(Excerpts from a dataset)
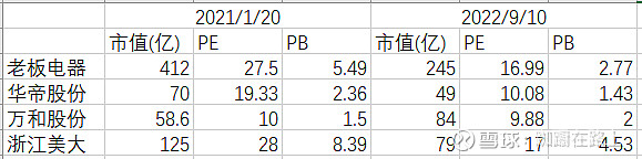 快2年过去了,现在回头看,错得太离谱. 万和是涨的不错,但主要是最近炒作空气能热泵概念. 老板却是跌的最多的.华帝2021年恢复的很好.美大现在市场还是给了和老板一样的高的PE. 所以选择股票只看一年是远远不够的。
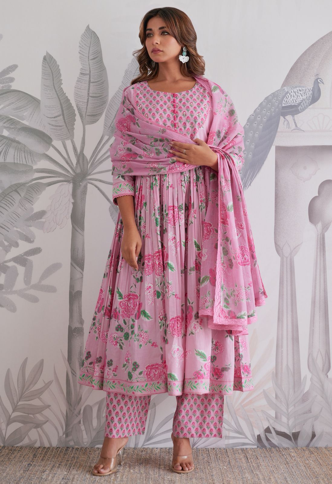 Beautiful pure cotton premium style jaipuri printed anarkali set.
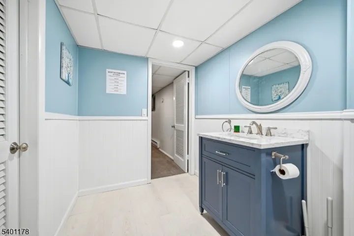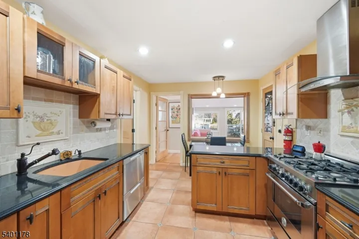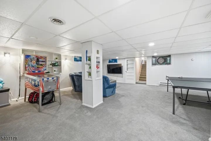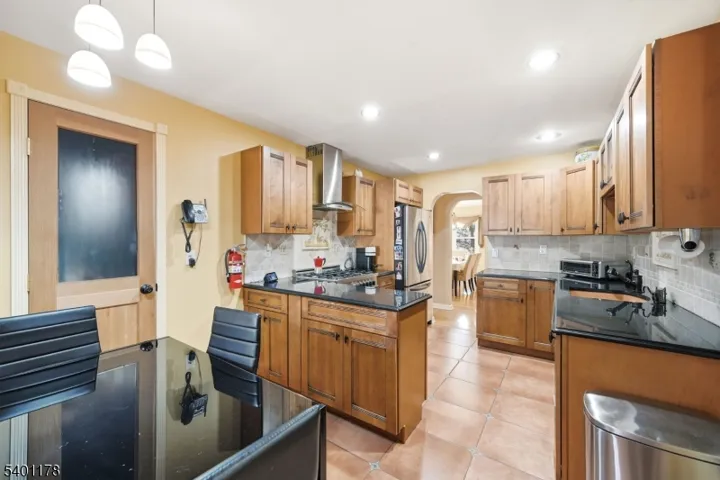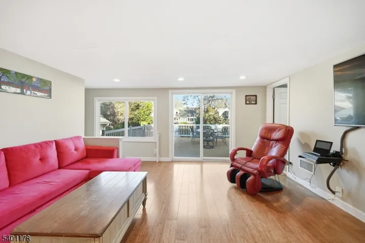 This is a beautifully maintained ranch-style home offering comfort, convenience, and exceptional indoor and outdoor living. Step through the foyer with a closet, and into the spacious living and dining rooms with hardwood floors that flow throughout. The updated kitchen features granite countertops, SS appliances, and a pantry for storage. An inviting family room sits just off the kitchen and boasts sliding doors that open to a large Trex deck. Down the hall, you’ll find additional storage closets and well-proportioned bedrooms, including a serene primary suite with a private full bath (handicap accessible) & nearby laundry. A second full bath completes the main level. Step outside to your private backyard oasis, featuring a heated, in-ground Roman-shaped saltwater pool and a lighted cabana, ideal for summer gatherings and quiet evening retreats. The finished basement expands your living space with a recreation room featuring built-in benches, a convenient kitchenette, ample storage and a powder room. Additional peace of mind comes with a 5-year-old HVAC system. Enjoy a walk-up attic for additional storage as well as a one-car detached garage. Located in sought-after Glen Rock, this home provides access to a vibrant community known for its excellent school system, town pool, and the convenience of two train lines to NYC, making commuting effortless. A rare blend of comfort, style, and location, this home is ready to welcome its next owner
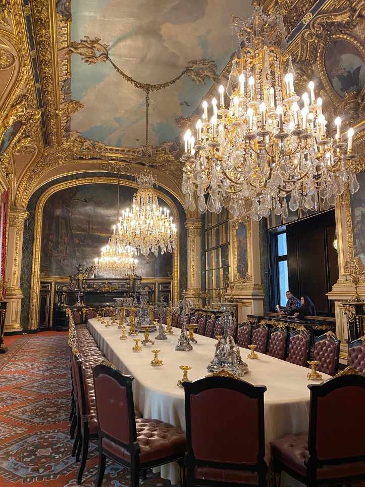Cette salle à manger aux dimensions exceptionnelles pouvait accueillir des dîners réunissant une quarantaine de convives.
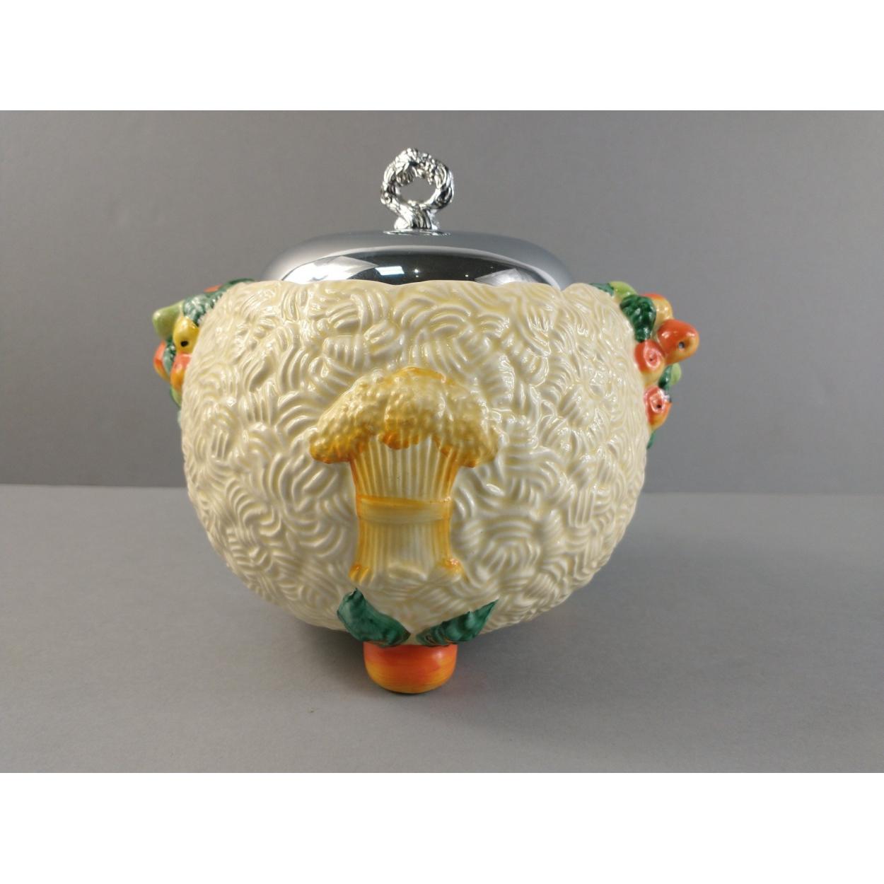 A VINTAGE CLARICE CLIFF Celtic Harvest biscuit barrel with chrome lid, 18cm dia, height 15cm tall. No damage
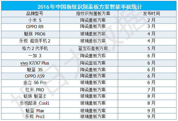 另外,值得一提的是,魅族是全球首次使用玻璃蓋板方案的手機(jī)品牌,樂視則是使用玻璃蓋板方案后大獲成功的品牌,而后魅族和樂視發(fā)布的指紋手機(jī)皆為玻璃蓋板方案為主。而小米為了創(chuàng)造新的賣點(diǎn),搶先成為首次使用陶瓷蓋板方案的品牌,同月發(fā)布的OPPO R9也采用了陶瓷方案,后來小米及OPPO發(fā)布的蓋板指紋手機(jī)皆選擇陶瓷方案。因此目前指紋蓋板應(yīng)用市場主要分為以魅族、樂視等為代表的玻璃蓋板陣營和小米、OPPO等組成的陶瓷蓋板陣營。
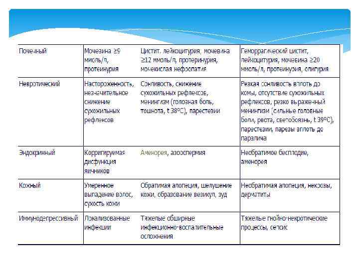 Синдромы в клинике ЦБ миелодепрессивный, ммунодепрессивный, диспептический, печёночный и другие гематологический синдром при цитостатической болезни иногда называют миелотоксическим агранулоцитозом.
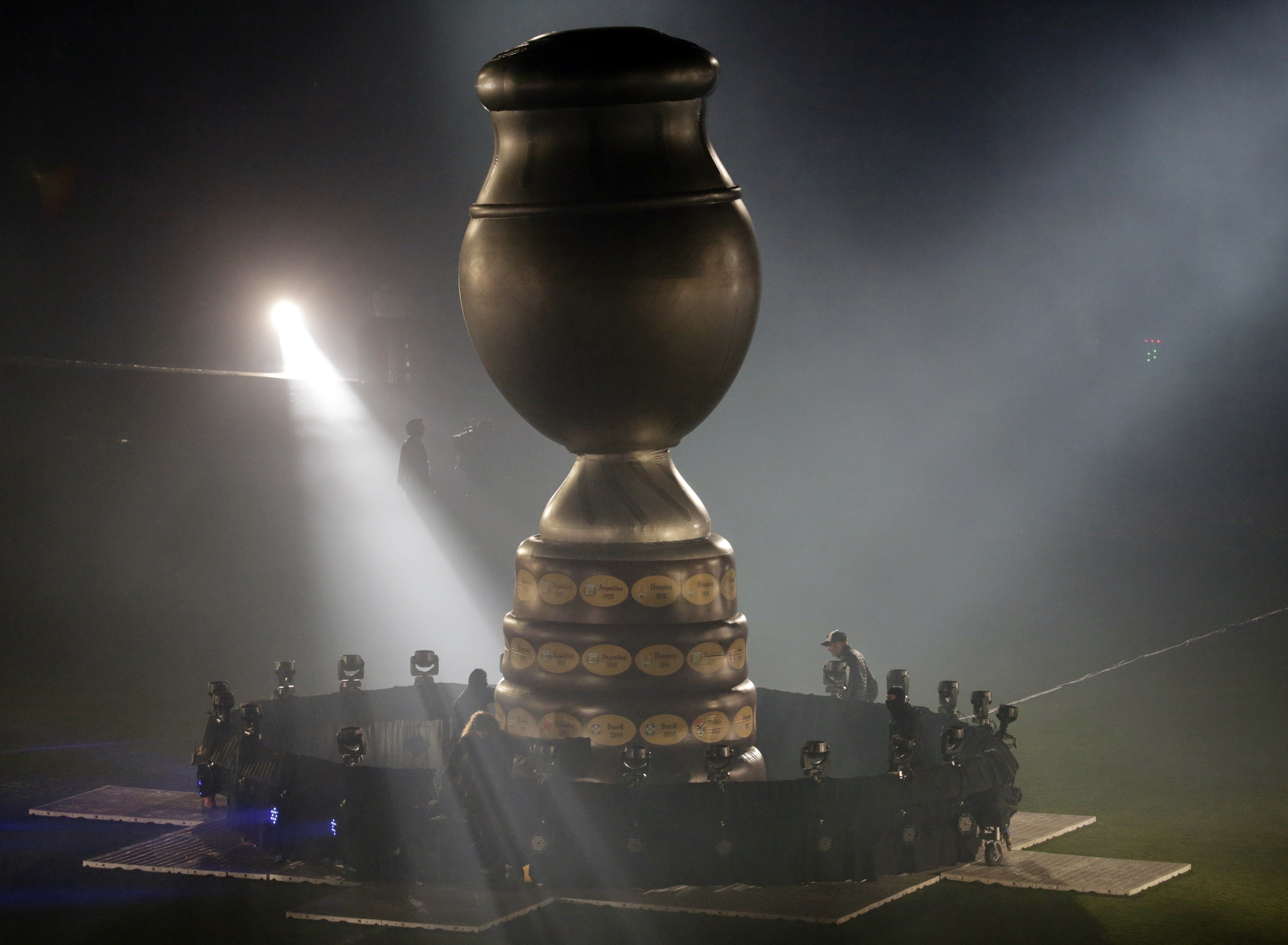 | Một chiếc bình cổ tượng trưng giống như chiếc Cúp được ban tổ chức đưa vào sân để trình diễn. |
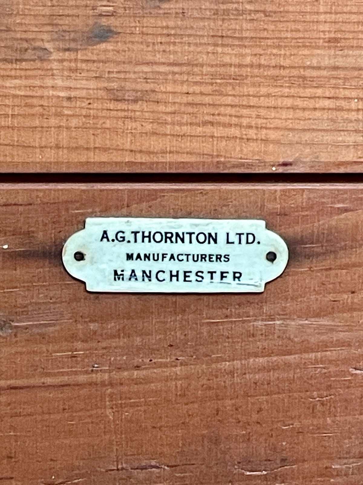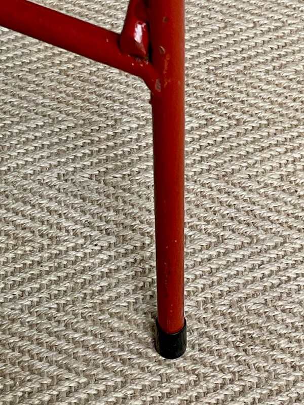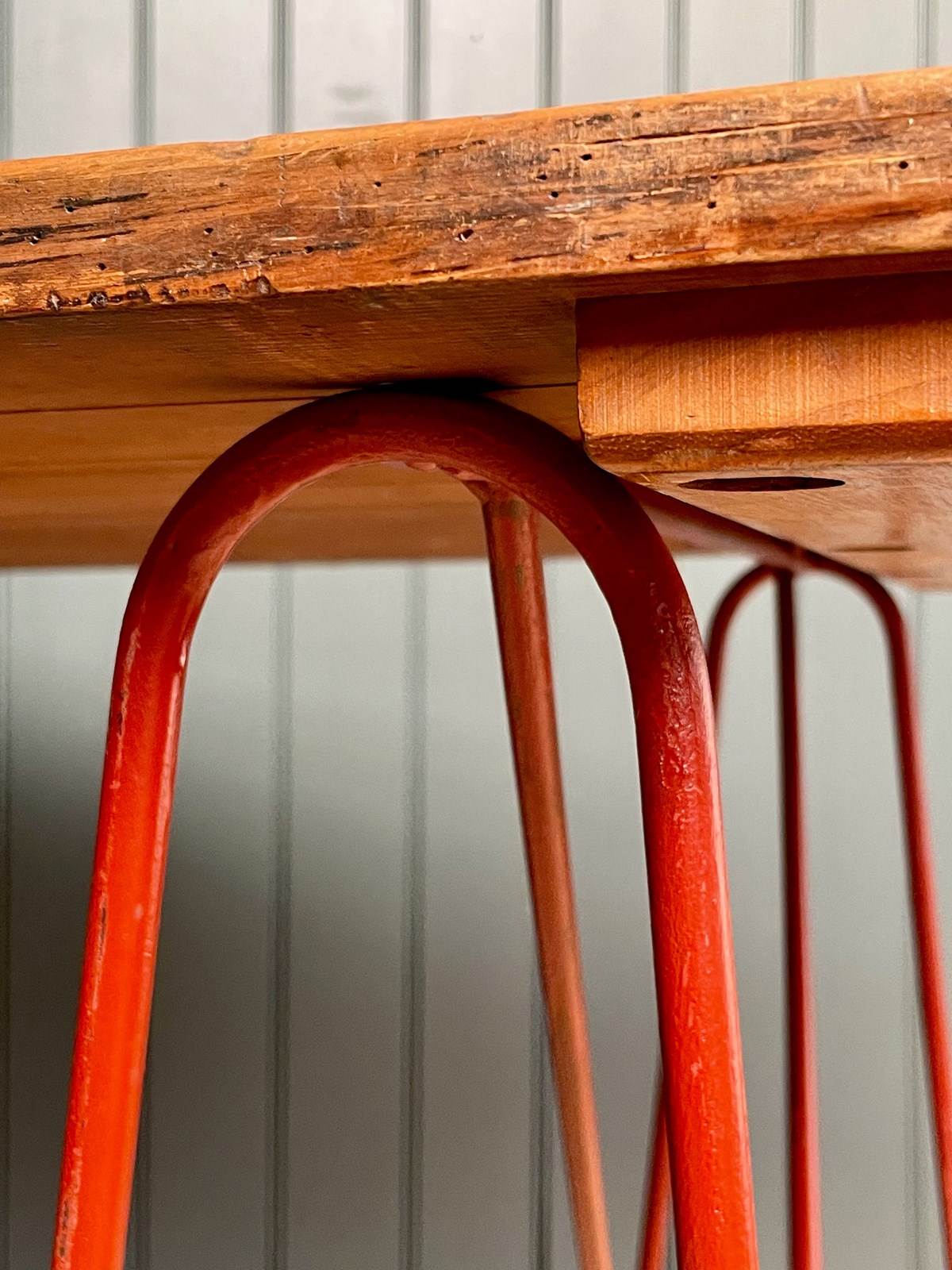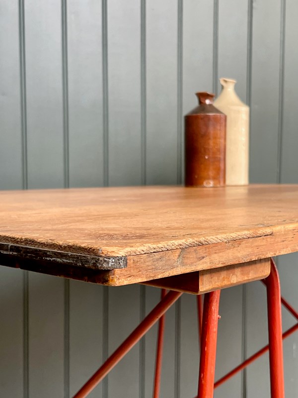 A lovely simple English vintage table, with an engineered pine top, above two steel trestle legs. The top is made of pine boards, with perfectly tight joints, and pleasing quarters to the four corners, and is secured to the steel legs, finished in a nice rust-coloured paint, and with protective feet to all eight feet. Light wear consistent with age, and a maker’s label to the underside of the top. A great work table for a studio, but would work well in a retail situation also, or even as a dining table in a compact flat. The distance between the legs at the floor is 38cm.

# Exercise brief
Can the lines from the start of the records through the line with "Beautiful pure cotton" be given again exactly, with the pictures left out?

# Response area
 快2年过去了,现在回头看,错得太离谱. 万和是涨的不错,但主要是最近炒作空气能热泵概念. 老板却是跌的最多的.华帝2021年恢复的很好.美大现在市场还是给了和老板一样的高的PE. 所以选择股票只看一年是远远不够的。
 Beautiful pure cotton premium style jaipuri printed anarkali set.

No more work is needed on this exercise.